Date | May 2017 | Marks available | 4 | Reference code | 17M.1.sl.TZ1.15 |
Level | SL only | Paper | 1 | Time zone | TZ1 |
Command term | Find | Question number | 15 | Adapted from | N/A |
Question
The graph of a quadratic function has \(y\)-intercept 10 and one of its \(x\)-intercepts is 1.
The \(x\)-coordinate of the vertex of the graph is 3.
The equation of the quadratic function is in the form \(y = a{x^2} + bx + c\).
Write down the value of \(c\).
Find the value of \(a\) and of \(b\).
Write down the second \(x\)-intercept of the function.
Markscheme
10 (A1) (C1)
Note: Accept \((0,{\text{ }}10)\).
[1 mark]
\(3 = \frac{{ - b}}{{2a}}\)
\(0 = a{(1)^2} + b(1) + c\)
\(10 = a{(6)^2} + b(6) + c\)
\(0 = a{(5)^2} + b(5) + c\) (M1)(M1)
Note: Award (M1) for each of the above equations, provided they are not equivalent, up to a maximum of (M1)(M1). Accept equations that substitute their 10 for \(c\).
OR
sketch graph showing given information: intercepts \((1,{\text{ }}0)\) and \((0,{\text{ }}10)\) and line \(x = 3\) (M1)
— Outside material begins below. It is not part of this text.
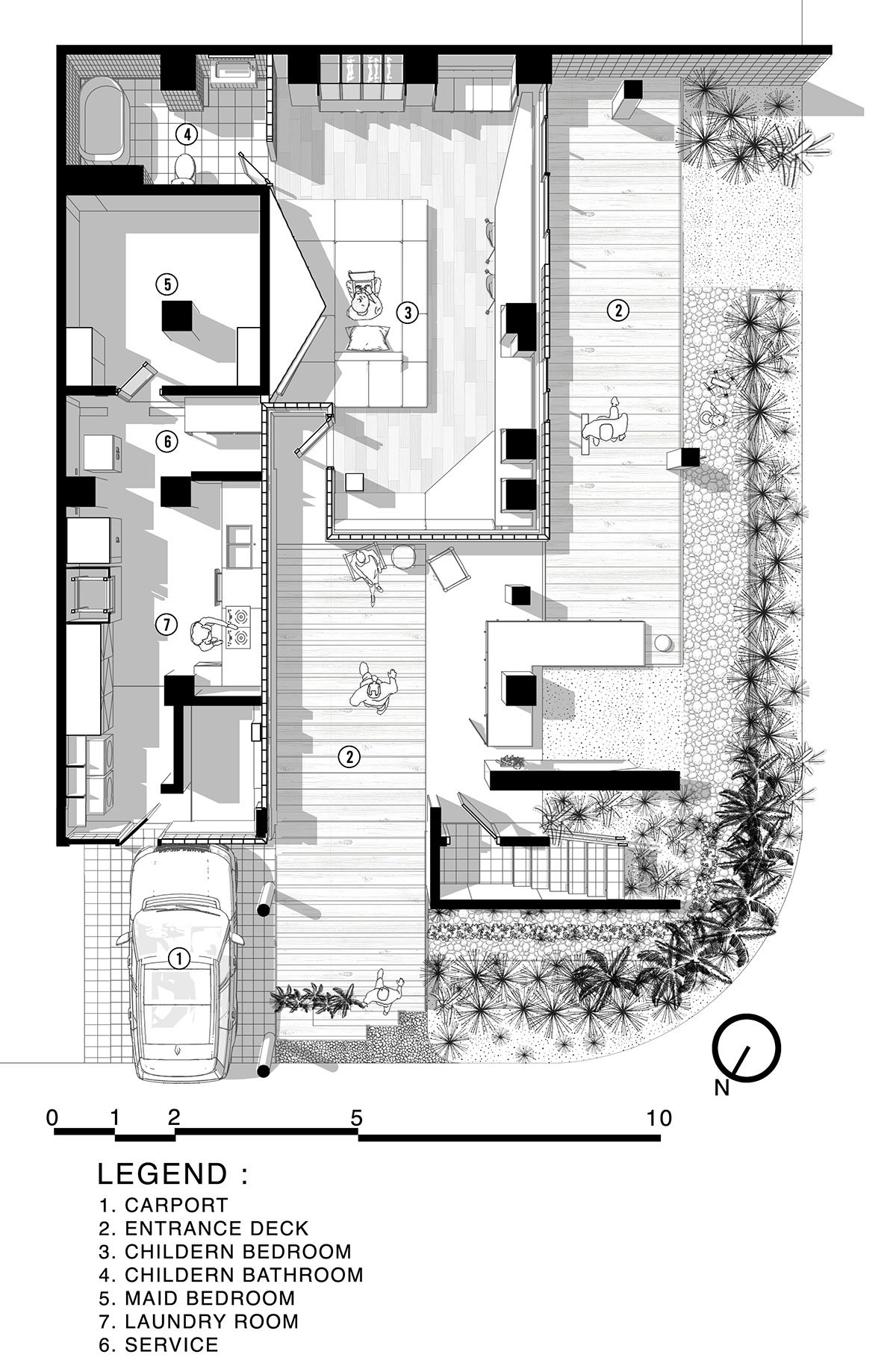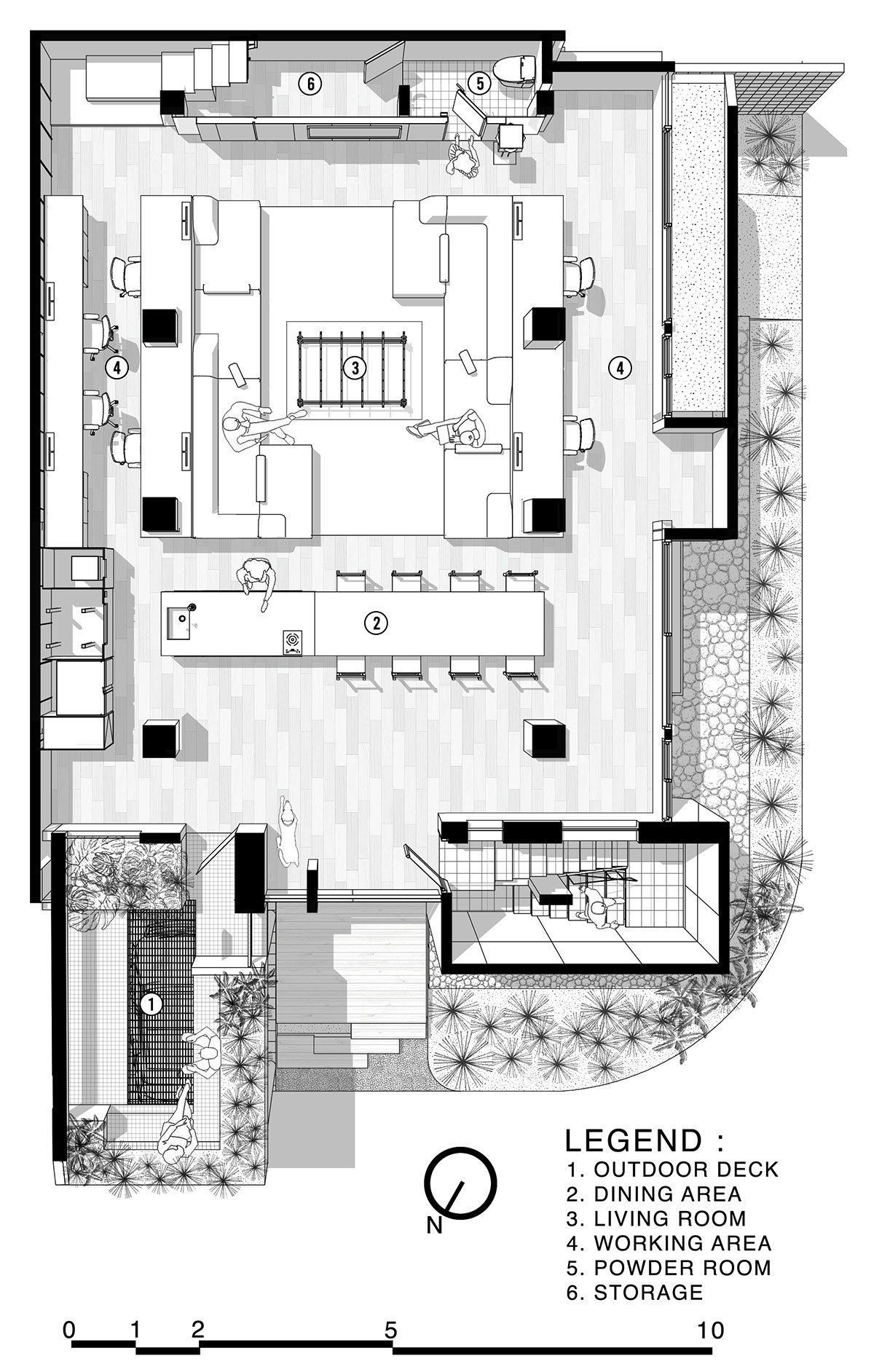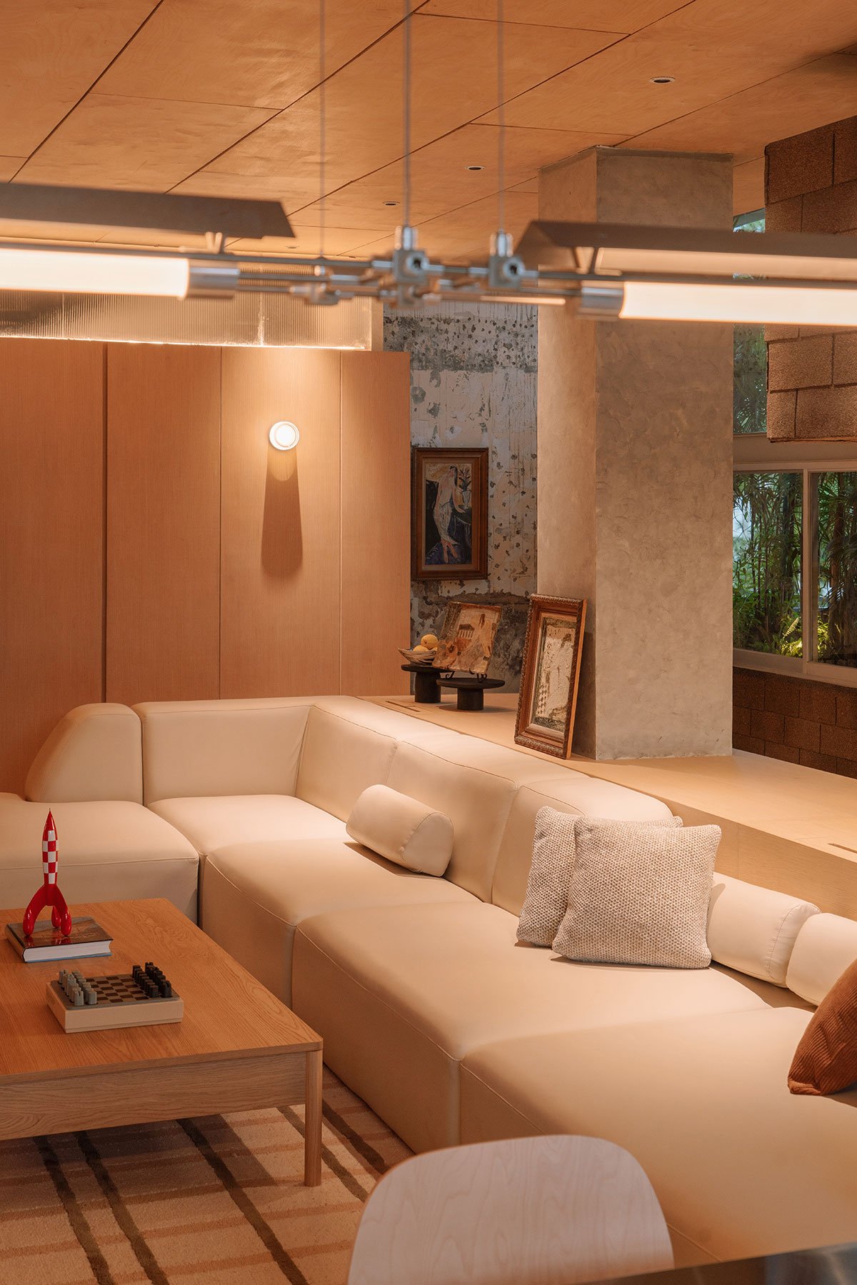 This approach creates a series of alternating spaces characterized by intimacy and openness, light and shadow, offering room for growth and moments of variation through the strategic arrangement of furniture across the space, which interacts harmoniously with the existing structure and nature.

\(y = a(x - 1)(x - 5)\) (M1)
Note: Award (M1) for \((x - 1)(x - 5)\) seen.
\(a = 2\) (A1)(ft)
\(b = - 12\) (A1)(ft) (C4)
Note: Follow through from part (a).
If it is not clear which is \(a\) and which is \(b\) award at most (A0)(A1)(ft).
[4 marks]
5 (A1) (C1)
[1 mark]